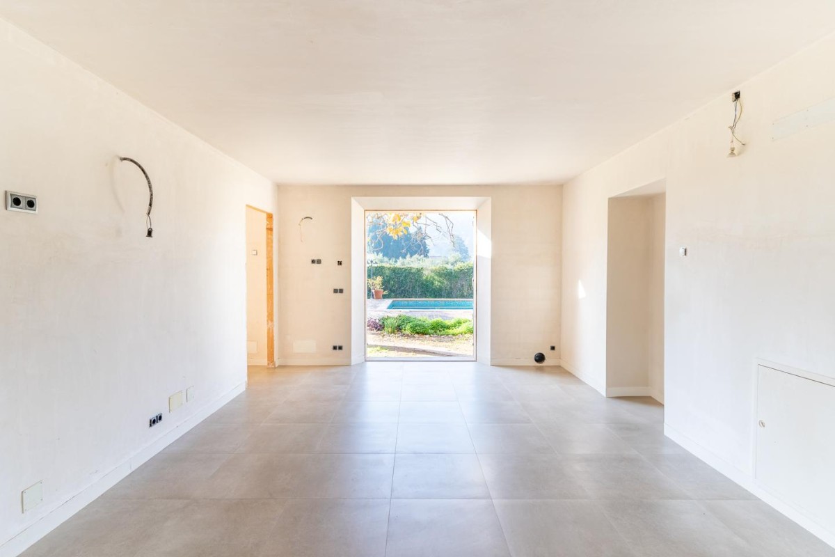 Dividida en dos plantas más un sótano, la vivienda ofrece 4 habitaciones, 3 baños, una práctica lavandería y una gran terraza con vistas espectaculares. El exterior no se queda atrás: una piscina rodeada de un hermoso jardín y un amplio terreno con olivos y naranjos perfecto para disfrutar del aire libre. El terreno dispone de sistema de riego automático y tiene agua tanto de pozo, ya que la casa dispone de 2 pozos como de agua de Sa font de sa Olla de la que dispone de una hora.
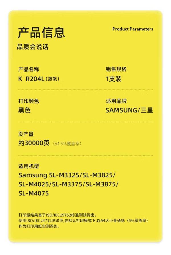 商品名称:科思特(KST) R204专业版 打印量30000页 适用三星SL-M3325 M3825 M4025 M3375 M3875 4075 鼓架 黑色 (计价单位:个)
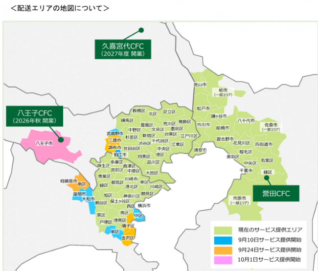 特に八王子市は2026年に最先端のAIおよびロボティクス機能を導入した顧客フルフィルメントセンター(CFC)の開設を予定している。今後のサービス拡大において、より迅速かつ安定した配送を実現するための重要な拠点と位置づけている。
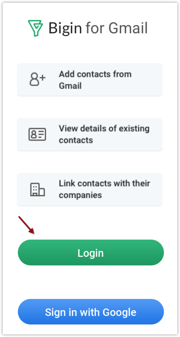 Once the add-on is installed, you need to login to your Bigin account to view and add contacts from your Gmail account.
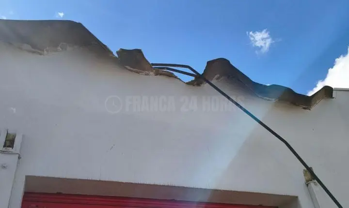 Na tarde deste sábado, 31, parte do detalhado externo, quer fica na fachada de um bar, desabou sobre a calçada, no Jardim Paulistano, na zona leste de Franca.
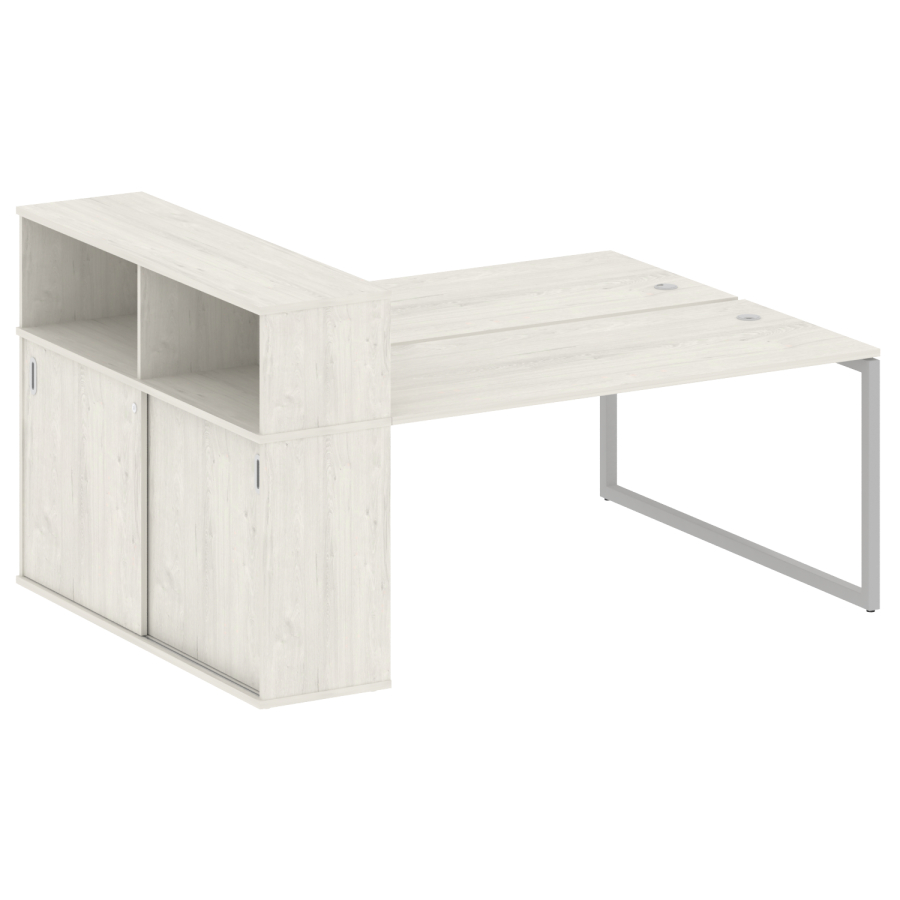 Столешницы имеют отверстия с пластиковыми заглушками кабель-канала серого цвета.
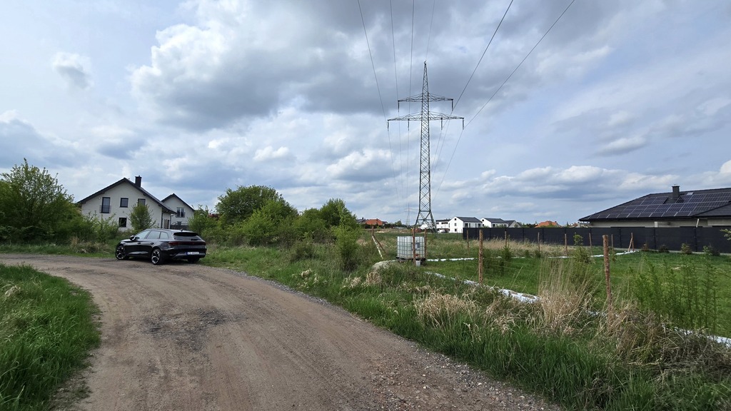 Działka płaska, prostokątna, szer. 91,5m x 28,5 m, w 1/3 szerokości działki przy granicy działki stoi słup linii energetycznej napięcia 110 KV, występuje zatem ograniczenie korzystania z nieruchomości – w poziomie od budynków odległość linii napowietrznych do 110kv – 7,74 m.
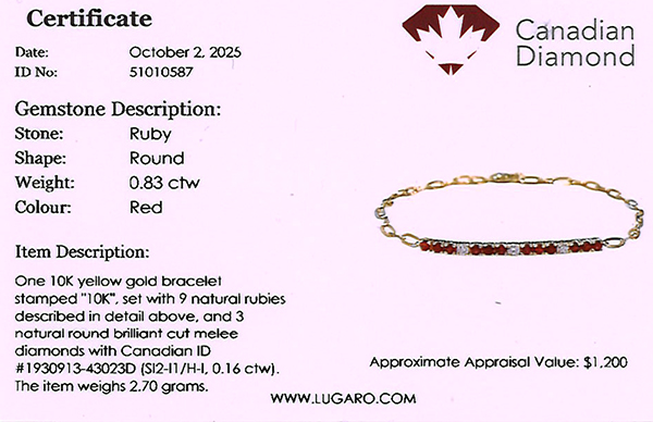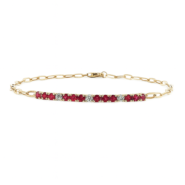10K yellow gold paperclip chain bracelet featuring 0.83 carat total weight rubies, accented by 0.16 carat weight round brilliant cut Canadian diamonds.

REQUIRED ACTION: Beginning at the line above that contains "特に八王子市は2026年に最", repeat each line exactly through the one that contains "Na tarde deste", and leave out the pictures.

COMPLETED EXERCISE:
 特に八王子市は2026年に最先端のAIおよびロボティクス機能を導入した顧客フルフィルメントセンター(CFC)の開設を予定している。今後のサービス拡大において、より迅速かつ安定した配送を実現するための重要な拠点と位置づけている。
 Once the add-on is installed, you need to login to your Bigin account to view and add contacts from your Gmail account.
 Na tarde deste sábado, 31, parte do detalhado externo, quer fica na fachada de um bar, desabou sobre a calçada, no Jardim Paulistano, na zona leste de Franca.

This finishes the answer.